Шрифт:
Интервал:
Закладка:
Митька так глубоко задумался, что не заметил, как подошли к крыльцу те двое.
— Ты что, Митек? — виноватым голосом сказала мать.
Митька, ни слова не говоря, поднялся и направился в дом.
— Постой, — приказал дядя Никифор. Митька не остановился. — Кому говорят?
Дядька Никифор вошел за ним в избу.
— Поговорить нам с тобой надо, завтра я уезжаю.
Митька, не отвечая, стал раздеваться.
— Не слышишь, что ли, а еще недавно вроде друзьями считались, — с горечью сказал дядя Никифор.
— Мало ли, — буркнул Митька.
— Ну вот что, — дядя Никифор встал. — Предлагаю тебе разговор мужчины с мужчиной. Речь идет о женщине — твоей матери, и кому думать о ней, как не тебе. Согласен?
— Согласен, — оробело сказал Митька. Неожиданно взваленная на него ответственность испугала.
Он снова оделся, и они вышли. Наталья все еще стояла на крыльце, прислушиваясь, что происходит в избе.
— Мы погуляем, — сказал дядя Никифор. — Не ходи с нами.
Они шли тихой по-ночному деревней и молчали. Квакали вдали бессонные лягушки. Еще дальше, видно в деревне Чупахино, надсадно лаяла собака. Митька поежился от легкого холодка с реки.
— Замерз?
— Не-е.
— Тогда давай начнем. Ты, пожалуй, думаешь, что я о себе и твоей матери хлопочу? Нет, браток, не только. Еще тебя хочу уберечь от ошибки. В свое время сам такую допустил, до сих пор грузом на душе лежит.
Митька хмуро молчал. «Пойте, пойте, так я теперь и поверю чему».
— Ты, конечно, знаешь, что я у Настасьи Кузьминичны приемыш?
— Как приемыш? — невольно вырвалось у Митьки.
— Не знал? — удивился дядя Никифор. — Я думал, у нас в деревне все и всем известно. Значит, забыли уже. Да, так вот и приемыш. Неродной, значит. Мужа ее и сына кулаки убили. Сына-то по ошибке: ему всего год был.
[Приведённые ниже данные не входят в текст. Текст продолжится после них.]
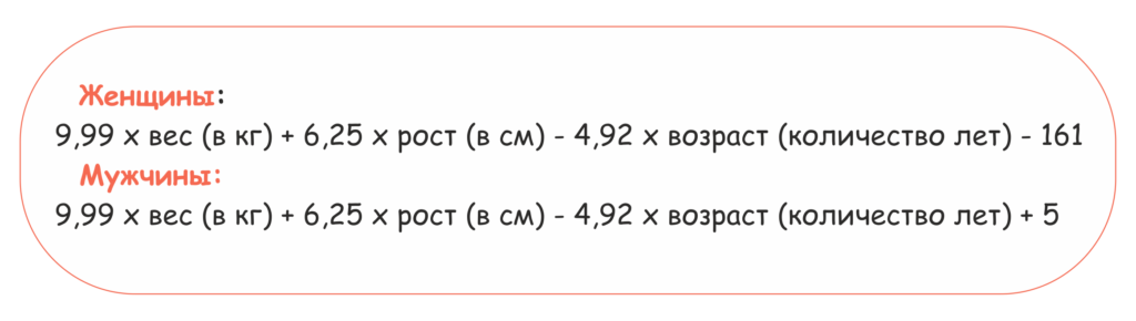 - Для женщин: 0,9*вес(кг)*24=кол-во ккал/сутки.

В нее метили, когда с ним на руках шла. Камнем. Наповал.
Слышно было, как поскрипывают дядь Никифоровы ботинки, шлепают о пятки его, Митькины, расхлябанные сандалии.
— Не смогла она больше в тех местах жить, уехала. Сюда прибилась. Как в тумане, рассказывала, годы прошли. Десять лет. А в тридцать втором меня подобрала.
Митька не мог не поддержать разговора: все-таки не о пустяках каких речь шла.
— Как это подобрала? — спросил он.
— А так. У нас в Поволжье голод сильный был. Отец от истощения умер, сестра, а мы с матерью взяли котомки и пошли кусочничать. Небось не знаешь, что это такое? Побираться по миру, милостыню просить. Только что люди голодные могли подать? Все, что за день соберем, мать старалась мне отдать. Это я теперь понимаю, а тогда и не думал — оставляет себе что мать или нет.
Никифор помолчал. А когда снова заговорил, голос его вроде бы немного охрип.
— Пришли однажды вечером в деревню. Попросились в самую крайнюю избу. Женщина жила одинокая, ну и пустила нас. «Утром ранехонько уйдем», — сказала мать. Только никуда уйти не удалось: утром она не проснулась.
Он снова замолчал, и уже надолго.
Митьке хотелось выразить свое сочувствие, но он не знал, как это сделать, поэтому он просто вздохнул и сказал:
— Да-а.
Луна стеклянно посвечивала сверху, посвечивала обманно, как-то по-нарочному: все виделось совсем не таким, как днем. Митька никогда не гулял еще об эту пору, и он как бы заново смотрел на ночную деревню, поля, лес вдалеке. Речка казалась широкой, глубокой, хотя на самом деле была она здесь маленькой — только малышам купаться. Лес казался густым и страшным. А на самом деле он был молодой, весь в солнечных полянах.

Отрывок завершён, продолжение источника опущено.